Nice, thanks blades.


----------



## Easy Livin’ 3000 (Dec 21, 2017)

FTG-05 said:


> Cellulose hands down.  Let's count the ways:
> 
> - Resistant to fire:  Cell (not even close)
> - Actually insulates vs just traps air:  Cell
> ...


Thanks FTG- I was hoping for a list just like this. Very valuable to readers.


----------



## begreen (Dec 21, 2017)

http://www.greenbuildingadvisor.com/blogs/dept/guest-blogs/fiberglass-versus-cellulose
http://www.ntcinsulation.com/the-insulation-lab/fiberglass-verses-cellulose-which-is-better


----------



## blades (Dec 21, 2017)

Only got the fire retardet chemical wrong- not bad as I read those articles or similar some where back in the 80's


----------



## FTG-05 (Dec 22, 2017)

ED 3000 said:


> Thanks FTG- I was hoping for a list just like this. Very valuable to readers.
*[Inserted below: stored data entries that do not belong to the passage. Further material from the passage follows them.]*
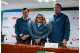CIUDAD DE MÉXICO, 14JULIO2025.- María José Alcará, periodista; Carlos Mercenario Carbajal, jefe de misión “Asunción 2025” y Mario García de la Torre, secretario general durante conferencia de presentación en la cual dieron los pormenores de la participación de México en los II Juegos Panamericanos Junior Asunción 2025, a celebrarse del 9 al 23 de agosto en Paraguay. FOTO: ANDREA MURCIA /CUARTOSCURO.COM
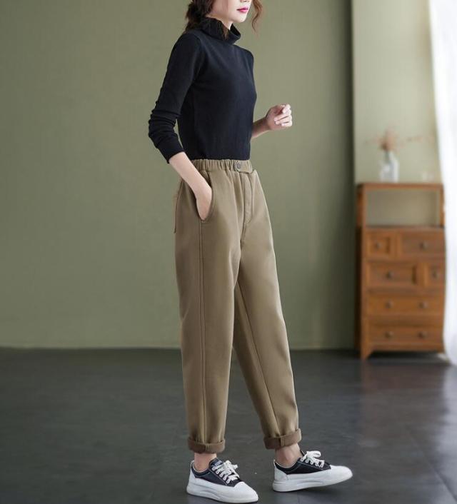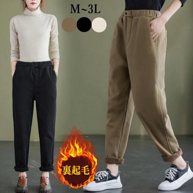 パンツ レディース テーパードパンツ 裏起毛パンツ サルエル ウエストゴム 厚手パンツ 裏ボア 9分丈 ボトムス ズボン ゆるパン 大きいサイズ 厚手 M L 2L 3L
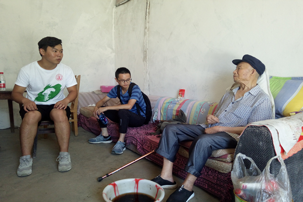 爬了一段陡坡,看见一处孤零零的住房,一位老爷爷拄着拐杖,颤颤巍巍地站在远处。村书记告诉队员们,这就是任光明。队员们扶着任爷爷进屋坐下,听他艰难地讲述了自己的家庭情况。任光明一家五口人,两个女儿均为残疾人,外嫁到了临近的镇上,儿子外出打工很少回家,家中只有两位老人。久病缠身,任爷爷已无法料理自己的生活,家中的所有事情全靠老奶奶操劳,医药费的花销占了生活开支的大部分。扶贫政策出台后,医药费的百分之九十由扶贫部门负责,给任爷爷一家减轻了许多负担。任爷爷表示十分感激政府的帮扶政策,给自己的生活带来了极大的帮助。村书记告诉队伍,医药费的负担,子女赡养义务的缺失,是导致任光明一家生活贫困的主要因素。
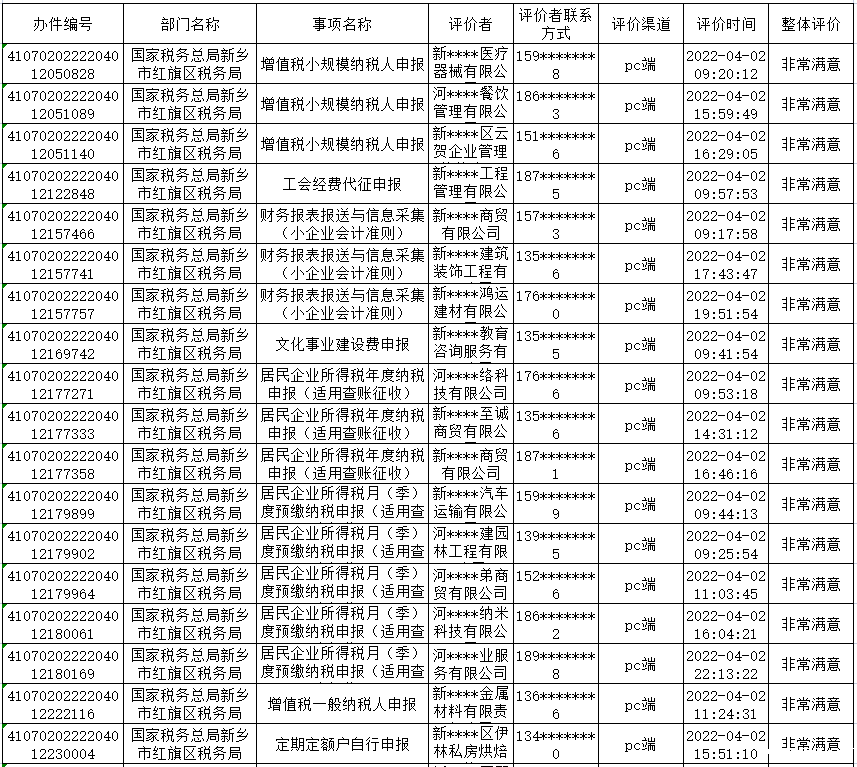 年4月2日-4月8日政务服务“好差评”结果公示如下:
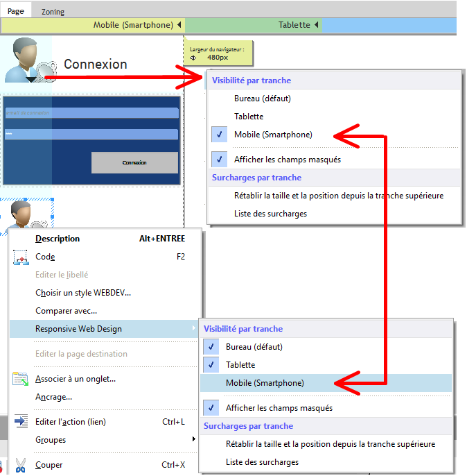 Astuce : l'ordre des champs les uns par rapport aux autres est figé dans toutes les tranches. Par contre, la visibilité des champs ainsi que leurs positions peuvent être surchargés. Dans un exemple comme ci-dessus, si l'on souhaite avoir dans une tranche un champ qui ne conserve pas sa position de référence définie par la tranche bureau, on peut utiliser deux champs et jouer sur leurs visibilités. Exemple pour avoir dans la tranche mobile une image placée avant le libellé "Connexion", alors qu'elle est après dans la tranche bureau :
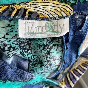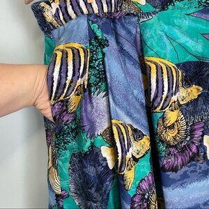 Vintage Novelty Fish Skirt Sz L Blue Yellow Teacher Fun Theme Ocean Liz Moody
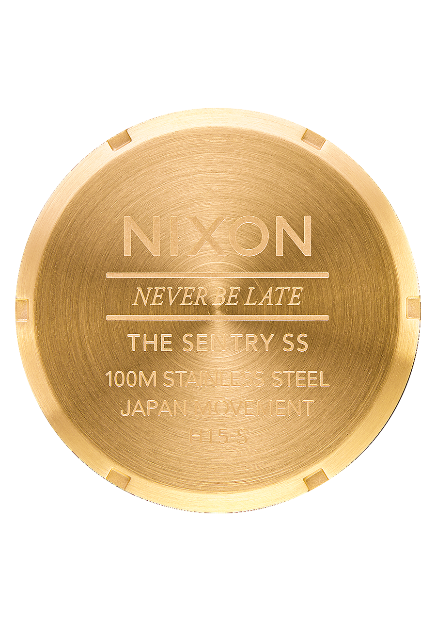 The Nixon Sentry Stainless Steel watch uses a Japanese Miyota 2305 quartz 3-hand movement and features a bilingual day and date function in English and Spanish.
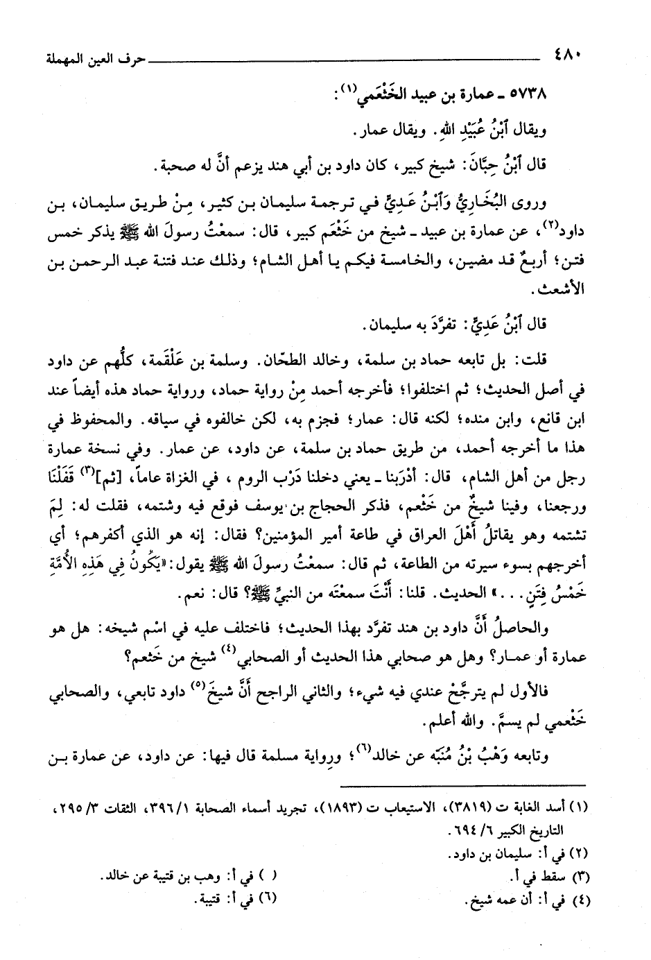 والحاصل أنّ داود بن هند تفرّد بهذا الحديث، فاختلف عليه في اسم شيخه: هل هو عمارة أو عمار؟ وهل هو صحابي هذا الحديث أو الصحابي «٤» شيخ من خثعم؟

Please read the edit I made about air infiltration, I forgot about that, one of begreen's links reminded me.

Thanks!


----------



## blades (Dec 22, 2017)

I find playing with short little bits of glass strands  a heck of a lot more problematic than paper bits.  It is almost worse than a full blown case of poison Ivy or similar. Dang firberglass leavings wiggle there way thru anything.


----------



## FTG-05 (Dec 22, 2017)

I think one of the 5 greatest scams of the 20th century was Owens Corning taking a near worthless material (spun fiberglass) and turning it into a multi-billion dollar insulation business.  Kudos to them.

Still crap to use for insulation IMO.


----------